Sunday, May 4, 2008
2-58

Microbial and genetic analysis of a microbial community actively decaying poplar biomass

Daniel Van der Lelie1, Safiyh Taghavi1, Shi-You Ding2, and Michael E. Himmel2. (1) Biology, Brookhaven National Laboratory, 50, Bell Avenue, Upton, NY 11973, (2) Chemical and Biosciences Center, National Renewable Energy Laboratory, 1617 Cole Blvd., Golden, CO 80401

As primary decomposers, microbial communities have evolved as competitors and collaborators in deconstructing biomass. To understand and exploit these complex microbial communities and their dynamics for the conversion of recalcitrant plant biomass to useful bioenergy feedstocks, a highly integrated research initiative is required. A prerequisite is to have insight into the composition and metabolic potential of this lignocellulosic biomass degrading community. To achieve this goal several complementary strategies are used to study the microbial community actively decaying poplar woodchips:

Analysis of total community composition: After the isolation of metagenome DNA, 16S rRNA genes were PCR amplified, shotgun cloned and sequenced. In total, 238 clones were sequenced and identified to their closest matching species. The distribution of the species showed that members of the order Clostridiales, many of which are closely related to uncultivatable bacteria, comprise 85% of this community. The presence of the majority of members of this order in the community is expected because of the mesophylic, anaerobic conditions characteristic for the sample.

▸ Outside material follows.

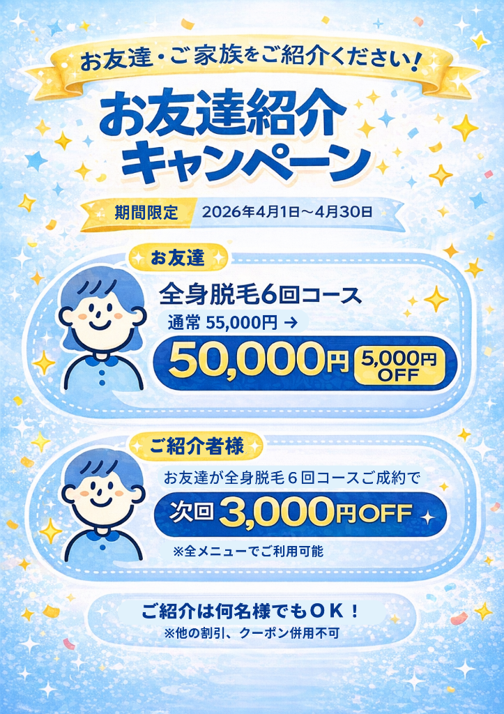 全身脱毛(全顔・VIO込み)6回¥55,000キャンペーンで
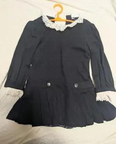 ネイビーとホワイトのストライプ柄、リボンベルト付きの長袖ワンピース。

Isolation and characterization of cultivable microorganisms: the high number of uncultivable microorganisms in this consortium was confirmed by cultivation studies. None of the cultivable bacteria represented the dominant members of the community as determined via 16S RDNA sequencing. Isolated strains are presently screened for their glycosylhydrolase activity.

Metagenome sequencing: in order to obtain a thorough understanding of the diversity, structure, functional interdependence, and metabolic capabilities of this community. This approach should provide unprecedented insights in the diversity of glycosylhydrolases present in plant biomass decomposing microbial communities.